**Directions for this task:** In the listing below, a line holding "Готовые апельсины выкладываем" and a line holding "- Máy lọc nước" mark the range. Retype both exactly, with all lines between them.

**Source records:**
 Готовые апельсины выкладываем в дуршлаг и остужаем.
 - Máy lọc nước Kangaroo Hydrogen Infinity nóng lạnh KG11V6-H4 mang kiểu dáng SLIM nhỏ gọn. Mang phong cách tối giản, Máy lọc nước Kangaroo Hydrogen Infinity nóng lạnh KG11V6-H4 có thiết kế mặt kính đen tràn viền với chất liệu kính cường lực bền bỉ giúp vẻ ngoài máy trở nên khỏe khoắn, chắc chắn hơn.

...

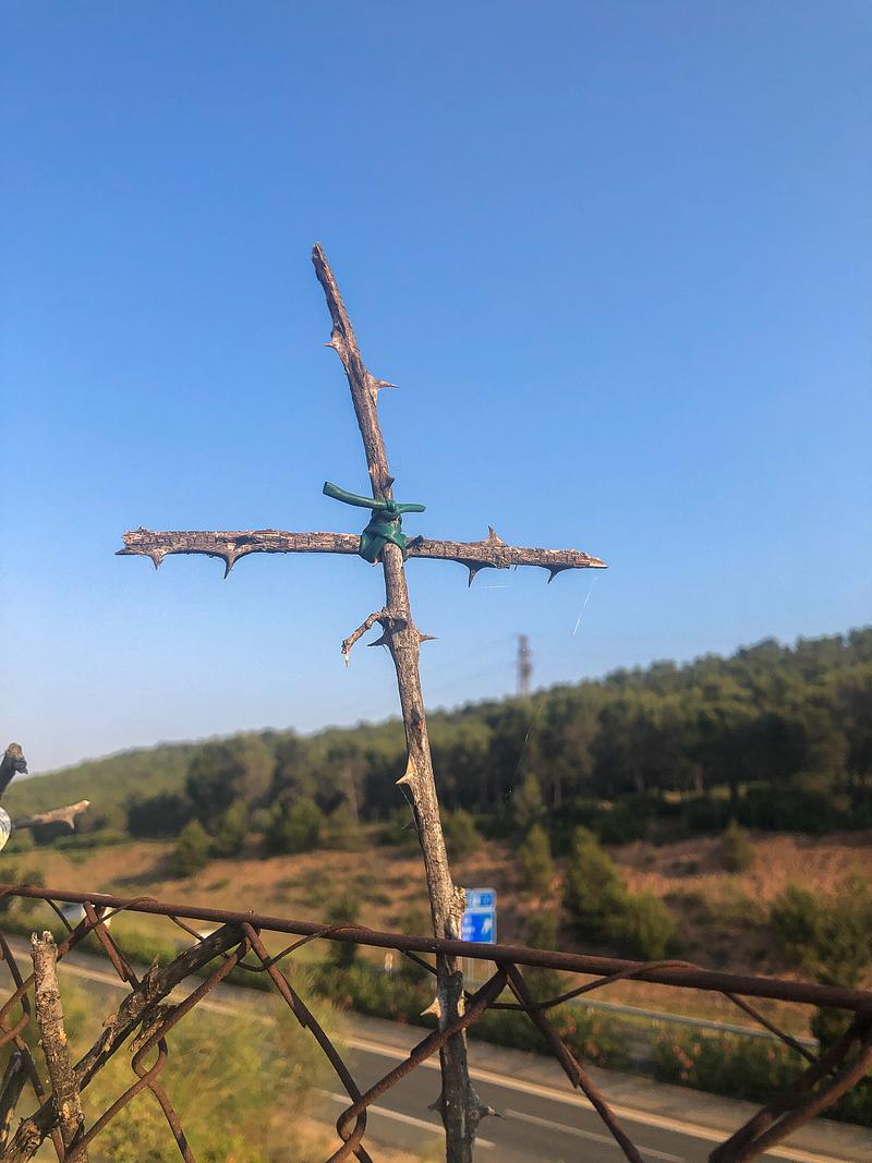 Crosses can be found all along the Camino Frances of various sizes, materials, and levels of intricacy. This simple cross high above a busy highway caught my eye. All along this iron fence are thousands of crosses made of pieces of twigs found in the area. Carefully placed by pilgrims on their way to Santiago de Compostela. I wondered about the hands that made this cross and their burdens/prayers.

**Your response:**
 Готовые апельсины выкладываем в дуршлаг и остужаем.
 - Máy lọc nước Kangaroo Hydrogen Infinity nóng lạnh KG11V6-H4 mang kiểu dáng SLIM nhỏ gọn. Mang phong cách tối giản, Máy lọc nước Kangaroo Hydrogen Infinity nóng lạnh KG11V6-H4 có thiết kế mặt kính đen tràn viền với chất liệu kính cường lực bền bỉ giúp vẻ ngoài máy trở nên khỏe khoắn, chắc chắn hơn.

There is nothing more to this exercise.